On distingue encore l'activité de retouche : ourlets, boutons, fermetures, mises à la taille..., qui constitue aussi l'après-vente du tailleur.

 

En définitive, à Djibouti, le tailleur est un artisan généraliste, cumulant toutes les fonctions décrites ci-dessus : conception, fabrication, réparations.

 

B) Aptitudes

- Avoir le goût de l'harmonie des formes et des couleurs, et un bon sens créatif, de la dextérité manuelle et une bonne vue, être rapide d'exécution, telles sont les qualités requises du tailleur. Il s'agit de maîtriser la totalité du métier de la conception jusqu'à l'exécution et d'assurer de surcroît la gestion complète de l'affaire.

 

- L'accueil de la clientèle, et la qualité de la relation qu'il faudra créer et entretenir tout au long du travail (choix du tissu, du modèle, essayages...) sont déterminants dans ce métier. Agir avec doigté et discrétion. Les réactions de la clientèle constituent l'élément majeur d'appréciation du travail. Le bon tailleur, comme le médecin,  écoute  et connaît sa cliente et sait la conseiller.

 

- La disponibilité : les dépassements d'horaire sont fréquents.

 

II. LE MARCHE

A) La demande

Pour des raisons culturelles, ce sont évidemment les femmes qui sont les principales consommatrices et acheteuses des services du tailleur. Sans doute davantage préoccupées de leur apparence et de leur beauté, mais aussi de leur statut professionnel, elles ont de plus la responsabilité du budget "habillement" de la famille, autant pour elles-mêmes que pour leur mari et les enfants.

 

1. Tendance de la consommation

Malgré la concurrence du prêt-à-porter, l'activité de tailleur se maintient. Et ce, pour deux séries de raisons, l'une liée à la tradition et l'autre à la rationalité économique du consommateur :

 

·      Il est d'usage populaire d'aller chez le tailleur et de porter des vêtements sur mesure. Les clients sont fidèles à leur tailleur, avec qui ils ont plus qu'une simple relation commerciale. A l'opposé, le prêt à porter est récent et par nature impersonnel.

 

·      Le prêt à porter propose des marchandises importées, dans une gamme assez restreinte de taille, dans un style surtout occidental ne correspondant pas à la religion et à des prix généralement plutôt élevés. Autrement dit, le sur mesure est compétitif du point de vue rapport qualité/prix. Cette situation est inverse de celle prévalant en Europe, par exemple, où la confection sur mesure est plutôt haut de gamme et plus chère que le prêt à porter.

 

2. Typologies de la clientèle

A Djibouti, la clientèle étant variée de par son origine (djiboutienne, mais aussi somalienne, éthiopienne, yéménite, française), son style et ses goûts sont donc très différents.

 

Voici plusieurs classifications possibles de la clientèle de ce secteur :

 

·      Clientèle "traditionnelle" et clientèle "moderne"
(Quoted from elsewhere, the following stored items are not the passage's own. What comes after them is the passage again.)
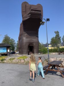 Christian geht einkaufen und ich nehme Merle, Floki und Lisa mit und wir wollen uns den Holzbären ansehen. Er wurde 2002-2005 errichtet und 2019-2023 saniert. Er ist 13 Meter hoch und wiegt selbsttragend 86 Tonnen. Leider kann man nicht in den Bären hinauf klettern, so dass wir ein wenig enttäuscht sind.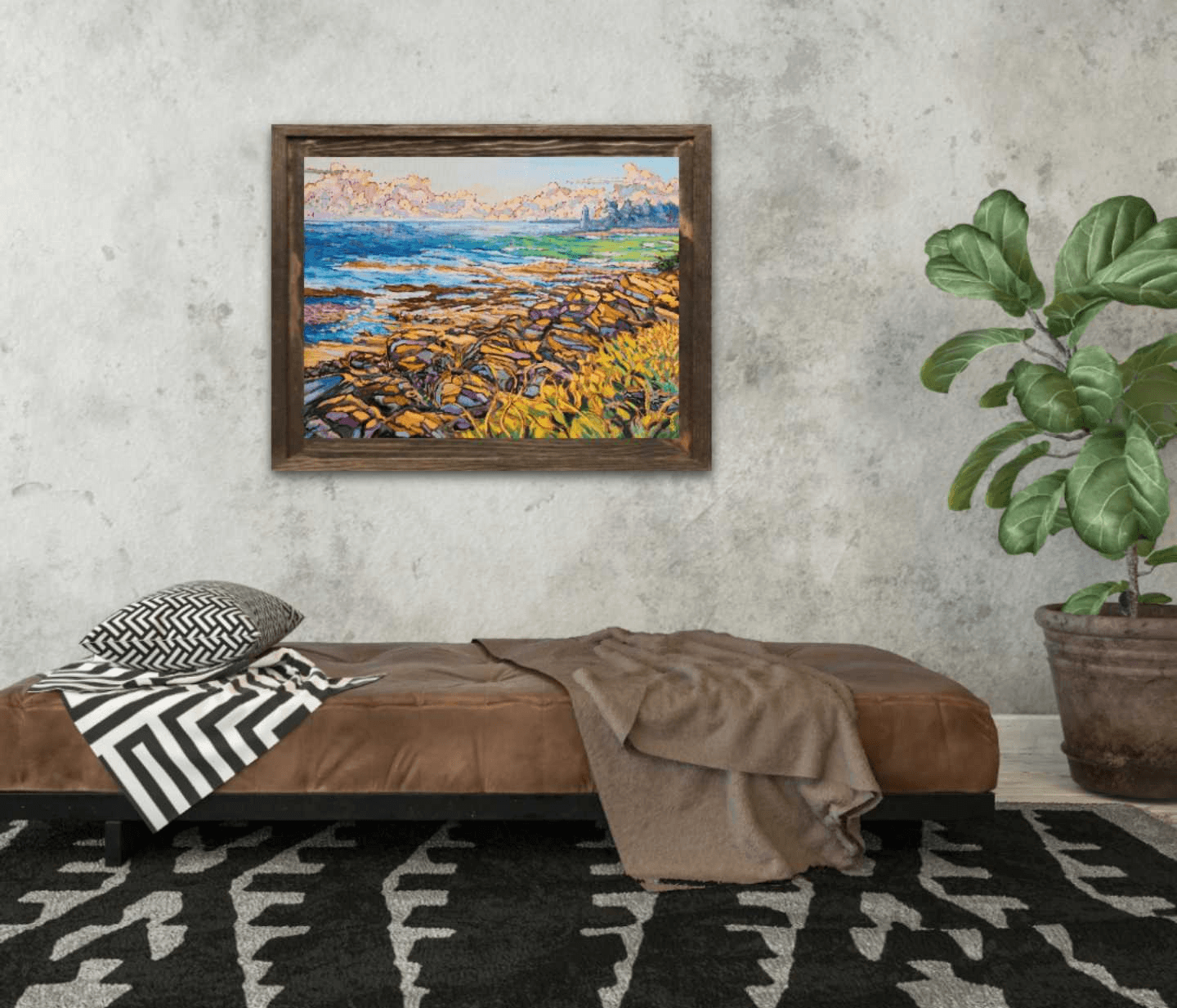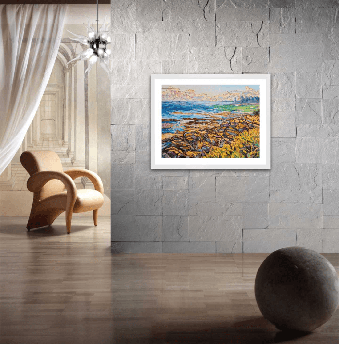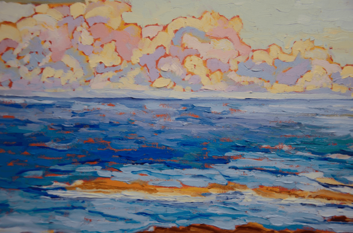 After crossing the long Confederation Bridge from New Brunswick to Prince Edward Island, this scene of rocky shores and lighthouses in the distance is the first landscape that appears to you once you set foot on the island. It was a very special moment for me since I have always wanted to visit this island and revel in its lush views of red sand and blue skies. And as with most special moments, I decided to put it on canvas, drawing emphasis to its shores and multitude of lighthouses strewn on almost every cliff overlooking the ocean.
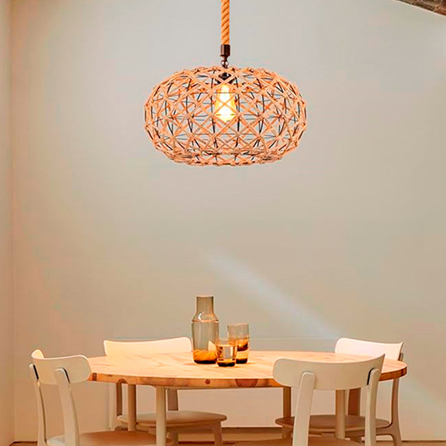 Para los amantes de lo eternamente natural, nuestra hermosa Lámpara Colgante contiene una fina hebra de cabuya natural, que permite una percepción de luz agradable, homogénea y uniforme para el ambiente.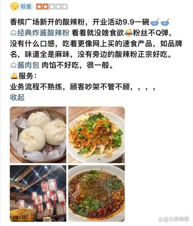 虽然刚试营业不久,由于麻六记酸辣粉自带流量,已经出现排队小高峰。有网友在大众点评留言称,午餐高峰时间需要排队。口味评价上则出现了两极分化,有人称“性价比高,味道正宗”,但也有不少消费者体验后表示“不如盒装的好吃”“太酸、粉太硬”等。
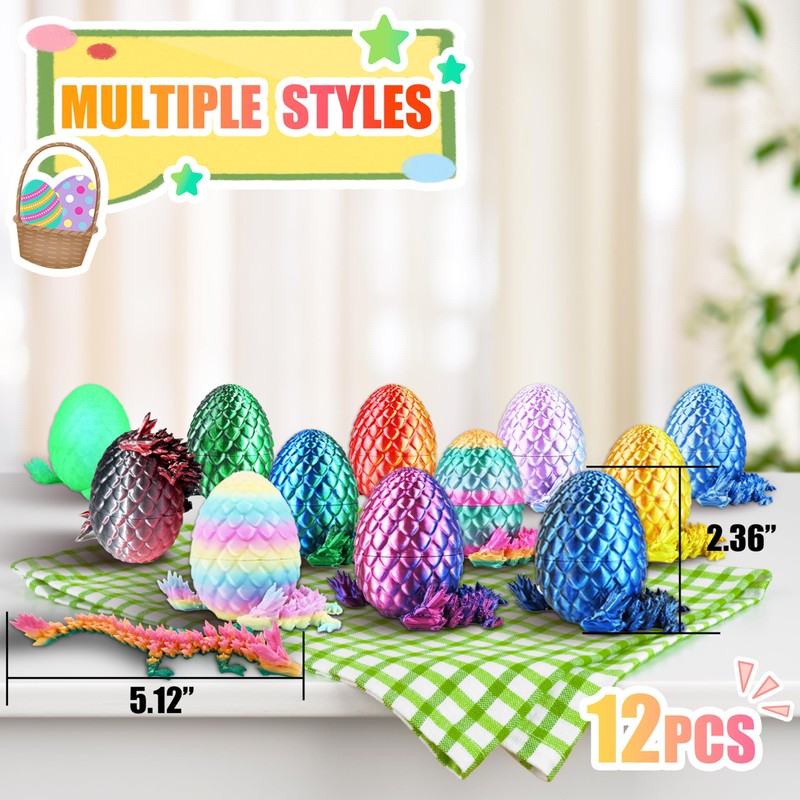 - [Unique Design] This 12-piece set of 3D-printed dragons with eggs features intricate details such as realistic scales and articulated joints. Each dragon is uniquely designed, making them captivating additions to any collection or decor.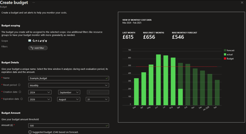 - Create Budgets: Set budgets at various levels—subscription, resource group, service type or various other scopes. This helps you segment costs and prevent any one department or service from overspending.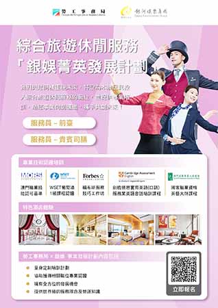 【特訊】為促進本地人才職業發展,勞工事務局(下稱“勞工局")和銀河娛樂集團(下稱“銀娛")合作推出“銀娛菁英發展計劃(酒店營運)",以“先入職、後培訓"方式,為本澳居民提供專業培訓及工作實踐機會,今(26)日起接受申請。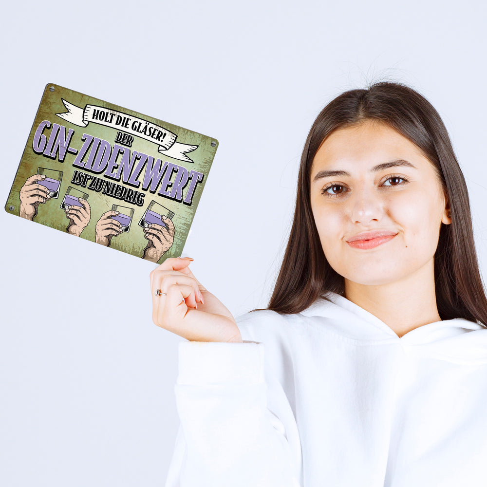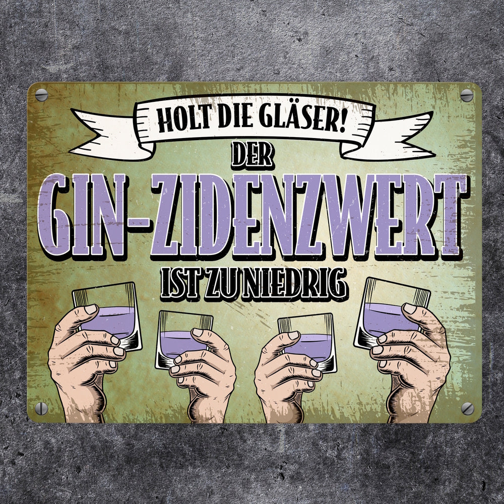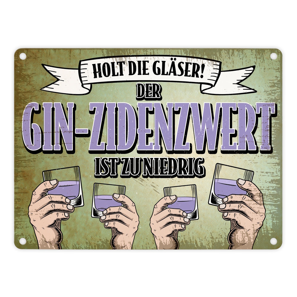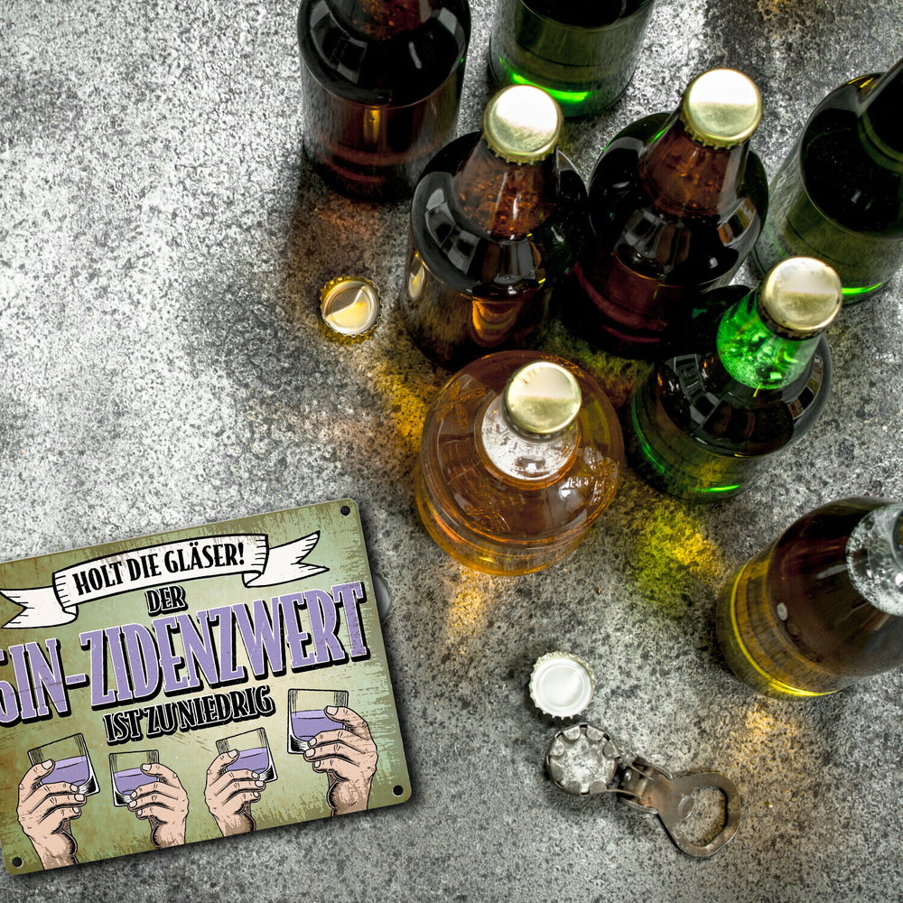 Holt die Gläser! Der Gin-zidenzwert ist zu niedrig - Metallschild im rustikalen Design

La clientèle féminine traditionnelle porte ses choix sur les jupes longues, les chemises à manches longues, les voiles... Il existe deux types de voiles : le voile très large qui cache tout le corps et le voile jusqu'aux genoux. Dans cette catégorie, on peut citer aussi la clientèle non négligeable des hommes avec les kamiss et autres vêtements traditionnels des nomades, vêtements qui ne peuvent provenir que d'une production locale.

 

Qui dit moderne, dit mode et donc changement. Le tailleur doit savoir répondre en temps utiles aux nouveaux courants de la mode qui touchent surtout les jeunes filles : jupes portefeuilles, jupes serrées et courtes, jupes longues et droites, jupes moulantes... Vecteur principal de la mode : la télévision ; paraboles et bouquets de chaînes influencent surtout les jeunes, à travers des émissions spécifiques ou simplement par les acteurs et chanteurs préférés.

 

·      Clientèle "locale" et clientèle "étrangère"

Les Européens constituent une clientèle à part. Leur demande est importante et variée. Pour les femmes de militaires qui font un séjour relativement court à Djibouti, on pourrait presque parler d'exportation, puisqu'elles profitent des prix intéressants des tailleurs pour faire réaliser des vêtements dans des tissus chauds qu'elles porteront en France. Il s'agit souvent de copier des modèles ou bien de travailler d'après des catalogues de vente par correspondance (la Redoute...) ou des magazines féminins (Elle, Marie-Claire...).

 

·      Les entreprises et l'Etat

L'Etat est un client de taille lorsqu'il commande des uniformes pour les militaires, ou quand les sociétés publiques équipent leur personnel de vêtements professionnels. Les entreprises privées ont également des besoins en bleus de travail.

 

3. Variations saisonnières

Au moment du Ramadan, de l'Aïd et de la rentrée scolaire, les carnets de comman-de sont pleins et les tailleurs travaillent nuit et jour. On peut citer aussi la période de Carnaval, où les enfants des Européens se déguisent, avec l'aide d'un tailleur.

 

B) L'offre

1. Classification des tailleurs

 

On distingue trois catégories ou modes d'exercice de la profession de tailleur :

 

·      Tailleur à domicile

C'est le plus discret, sa clientèle est une clientèle de proximité immédiate. On lui confie des travaux plutôt simples, robes et boubous. Il économise des frais de gestion (loyer, électricité...), mais est condamné à rester de taille modeste du fait de sa discrétion. Il s'agit en majorité de femmes (veuves par exemple), qui cherchent un revenu de subsistance.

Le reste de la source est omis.